## [About this task]
To complete this task, print all the data below exactly but leave out the images.

## [Stored data]
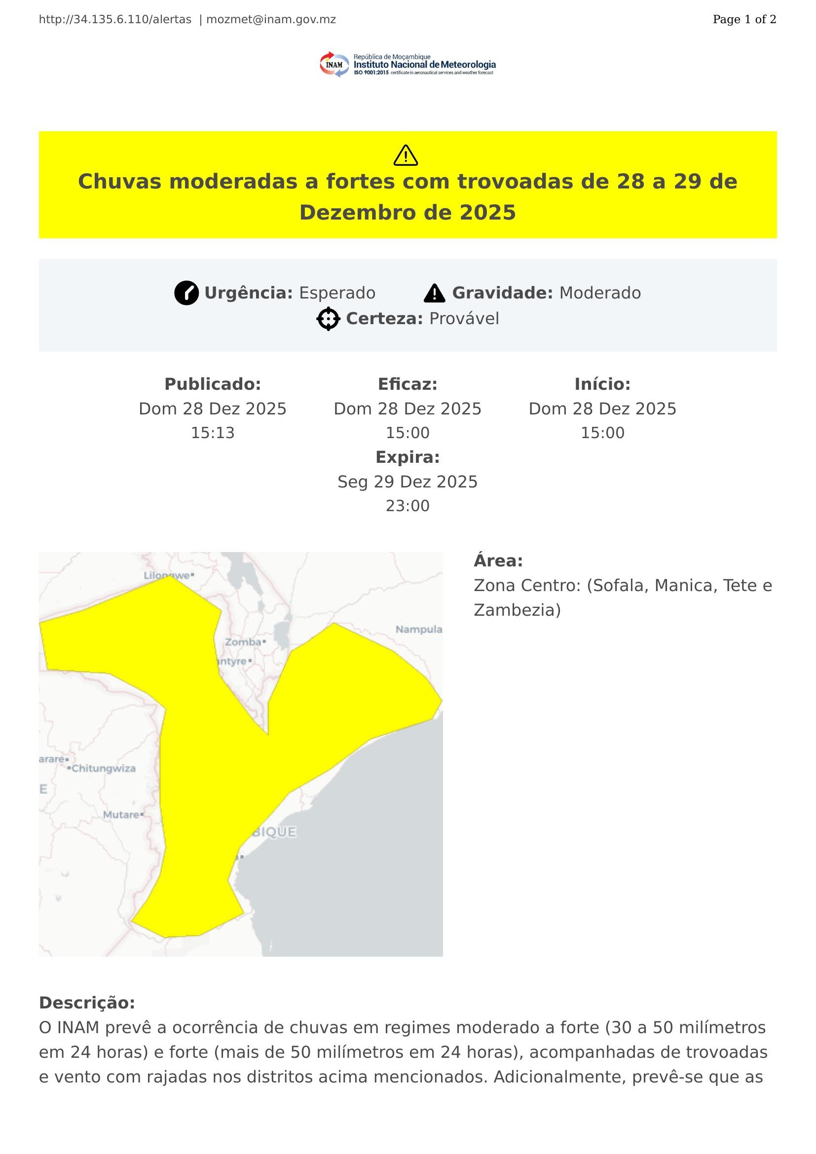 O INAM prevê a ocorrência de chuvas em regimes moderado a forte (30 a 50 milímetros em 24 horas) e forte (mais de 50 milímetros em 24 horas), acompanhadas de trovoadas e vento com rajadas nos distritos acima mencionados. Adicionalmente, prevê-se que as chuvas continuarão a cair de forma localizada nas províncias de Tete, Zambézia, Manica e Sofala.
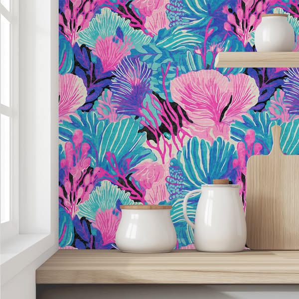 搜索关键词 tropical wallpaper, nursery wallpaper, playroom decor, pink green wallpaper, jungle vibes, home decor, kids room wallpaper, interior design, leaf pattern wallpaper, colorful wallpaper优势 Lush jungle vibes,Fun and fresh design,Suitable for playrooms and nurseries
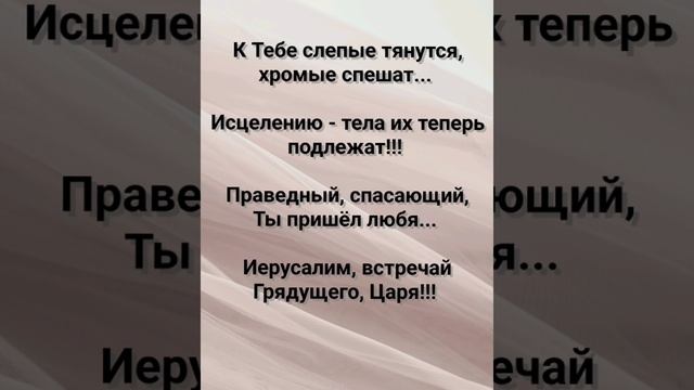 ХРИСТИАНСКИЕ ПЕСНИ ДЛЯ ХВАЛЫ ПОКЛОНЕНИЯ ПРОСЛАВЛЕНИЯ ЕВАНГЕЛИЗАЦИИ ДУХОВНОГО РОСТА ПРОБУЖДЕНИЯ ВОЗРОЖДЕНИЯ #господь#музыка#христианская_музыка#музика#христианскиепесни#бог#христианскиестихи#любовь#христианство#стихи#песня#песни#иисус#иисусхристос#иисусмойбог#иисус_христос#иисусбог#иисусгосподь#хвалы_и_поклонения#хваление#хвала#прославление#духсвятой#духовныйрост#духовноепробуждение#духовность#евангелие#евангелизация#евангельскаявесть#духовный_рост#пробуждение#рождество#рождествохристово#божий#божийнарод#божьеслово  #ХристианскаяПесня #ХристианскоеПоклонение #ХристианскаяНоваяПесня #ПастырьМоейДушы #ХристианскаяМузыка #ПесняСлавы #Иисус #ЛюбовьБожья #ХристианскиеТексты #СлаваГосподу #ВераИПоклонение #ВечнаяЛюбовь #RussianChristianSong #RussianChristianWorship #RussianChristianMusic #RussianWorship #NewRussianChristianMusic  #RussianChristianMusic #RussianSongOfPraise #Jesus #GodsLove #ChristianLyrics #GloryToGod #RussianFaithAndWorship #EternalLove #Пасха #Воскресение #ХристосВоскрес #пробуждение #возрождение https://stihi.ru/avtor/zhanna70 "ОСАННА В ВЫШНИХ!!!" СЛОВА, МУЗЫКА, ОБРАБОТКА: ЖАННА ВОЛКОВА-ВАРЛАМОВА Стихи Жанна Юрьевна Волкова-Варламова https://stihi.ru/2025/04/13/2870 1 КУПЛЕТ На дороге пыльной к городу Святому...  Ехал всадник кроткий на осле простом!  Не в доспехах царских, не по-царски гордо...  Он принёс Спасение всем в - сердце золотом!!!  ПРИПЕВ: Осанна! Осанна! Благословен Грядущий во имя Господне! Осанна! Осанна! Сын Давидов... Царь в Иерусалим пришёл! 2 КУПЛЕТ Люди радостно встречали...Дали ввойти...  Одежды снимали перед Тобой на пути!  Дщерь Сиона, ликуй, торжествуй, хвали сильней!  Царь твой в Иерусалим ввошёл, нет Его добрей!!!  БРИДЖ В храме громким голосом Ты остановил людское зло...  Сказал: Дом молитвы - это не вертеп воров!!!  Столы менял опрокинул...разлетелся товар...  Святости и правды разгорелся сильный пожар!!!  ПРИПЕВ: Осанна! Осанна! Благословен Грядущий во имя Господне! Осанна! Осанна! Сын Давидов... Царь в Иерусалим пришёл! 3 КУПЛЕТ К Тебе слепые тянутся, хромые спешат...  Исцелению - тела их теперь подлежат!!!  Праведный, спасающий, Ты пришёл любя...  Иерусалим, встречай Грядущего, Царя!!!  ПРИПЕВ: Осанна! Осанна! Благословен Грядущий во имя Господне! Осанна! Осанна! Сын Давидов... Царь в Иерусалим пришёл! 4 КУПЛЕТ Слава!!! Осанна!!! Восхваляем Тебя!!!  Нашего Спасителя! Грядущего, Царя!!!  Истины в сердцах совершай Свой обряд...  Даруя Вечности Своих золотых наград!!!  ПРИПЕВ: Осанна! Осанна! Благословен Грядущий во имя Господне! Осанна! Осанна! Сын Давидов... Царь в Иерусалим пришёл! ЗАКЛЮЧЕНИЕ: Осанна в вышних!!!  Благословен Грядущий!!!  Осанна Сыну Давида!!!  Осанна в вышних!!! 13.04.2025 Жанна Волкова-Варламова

## [Written response]
 O INAM prevê a ocorrência de chuvas em regimes moderado a forte (30 a 50 milímetros em 24 horas) e forte (mais de 50 milímetros em 24 horas), acompanhadas de trovoadas e vento com rajadas nos distritos acima mencionados. Adicionalmente, prevê-se que as chuvas continuarão a cair de forma localizada nas províncias de Tete, Zambézia, Manica e Sofala.
 搜索关键词 tropical wallpaper, nursery wallpaper, playroom decor, pink green wallpaper, jungle vibes, home decor, kids room wallpaper, interior design, leaf pattern wallpaper, colorful wallpaper优势 Lush jungle vibes,Fun and fresh design,Suitable for playrooms and nurseries
 ХРИСТИАНСКИЕ ПЕСНИ ДЛЯ ХВАЛЫ ПОКЛОНЕНИЯ ПРОСЛАВЛЕНИЯ ЕВАНГЕЛИЗАЦИИ ДУХОВНОГО РОСТА ПРОБУЖДЕНИЯ ВОЗРОЖДЕНИЯ #господь#музыка#христианская_музыка#музика#христианскиепесни#бог#христианскиестихи#любовь#христианство#стихи#песня#песни#иисус#иисусхристос#иисусмойбог#иисус_христос#иисусбог#иисусгосподь#хвалы_и_поклонения#хваление#хвала#прославление#духсвятой#духовныйрост#духовноепробуждение#духовность#евангелие#евангелизация#евангельскаявесть#духовный_рост#пробуждение#рождество#рождествохристово#божий#божийнарод#божьеслово  #ХристианскаяПесня #ХристианскоеПоклонение #ХристианскаяНоваяПесня #ПастырьМоейДушы #ХристианскаяМузыка #ПесняСлавы #Иисус #ЛюбовьБожья #ХристианскиеТексты #СлаваГосподу #ВераИПоклонение #ВечнаяЛюбовь #RussianChristianSong #RussianChristianWorship #RussianChristianMusic #RussianWorship #NewRussianChristianMusic  #RussianChristianMusic #RussianSongOfPraise #Jesus #GodsLove #ChristianLyrics #GloryToGod #RussianFaithAndWorship #EternalLove #Пасха #Воскресение #ХристосВоскрес #пробуждение #возрождение https://stihi.ru/avtor/zhanna70 "ОСАННА В ВЫШНИХ!!!" СЛОВА, МУЗЫКА, ОБРАБОТКА: ЖАННА ВОЛКОВА-ВАРЛАМОВА Стихи Жанна Юрьевна Волкова-Варламова https://stihi.ru/2025/04/13/2870 1 КУПЛЕТ На дороге пыльной к городу Святому...  Ехал всадник кроткий на осле простом!  Не в доспехах царских, не по-царски гордо...  Он принёс Спасение всем в - сердце золотом!!!  ПРИПЕВ: Осанна! Осанна! Благословен Грядущий во имя Господне! Осанна! Осанна! Сын Давидов... Царь в Иерусалим пришёл! 2 КУПЛЕТ Люди радостно встречали...Дали ввойти...  Одежды снимали перед Тобой на пути!  Дщерь Сиона, ликуй, торжествуй, хвали сильней!  Царь твой в Иерусалим ввошёл, нет Его добрей!!!  БРИДЖ В храме громким голосом Ты остановил людское зло...  Сказал: Дом молитвы - это не вертеп воров!!!  Столы менял опрокинул...разлетелся товар...  Святости и правды разгорелся сильный пожар!!!  ПРИПЕВ: Осанна! Осанна! Благословен Грядущий во имя Господне! Осанна! Осанна! Сын Давидов... Царь в Иерусалим пришёл! 3 КУПЛЕТ К Тебе слепые тянутся, хромые спешат...  Исцелению - тела их теперь подлежат!!!  Праведный, спасающий, Ты пришёл любя...  Иерусалим, встречай Грядущего, Царя!!!  ПРИПЕВ: Осанна! Осанна! Благословен Грядущий во имя Господне! Осанна! Осанна! Сын Давидов... Царь в Иерусалим пришёл! 4 КУПЛЕТ Слава!!! Осанна!!! Восхваляем Тебя!!!  Нашего Спасителя! Грядущего, Царя!!!  Истины в сердцах совершай Свой обряд...  Даруя Вечности Своих золотых наград!!!  ПРИПЕВ: Осанна! Осанна! Благословен Грядущий во имя Господне! Осанна! Осанна! Сын Давидов... Царь в Иерусалим пришёл! ЗАКЛЮЧЕНИЕ: Осанна в вышних!!!  Благословен Грядущий!!!  Осанна Сыну Давида!!!  Осанна в вышних!!! 13.04.2025 Жанна Волкова-Варламова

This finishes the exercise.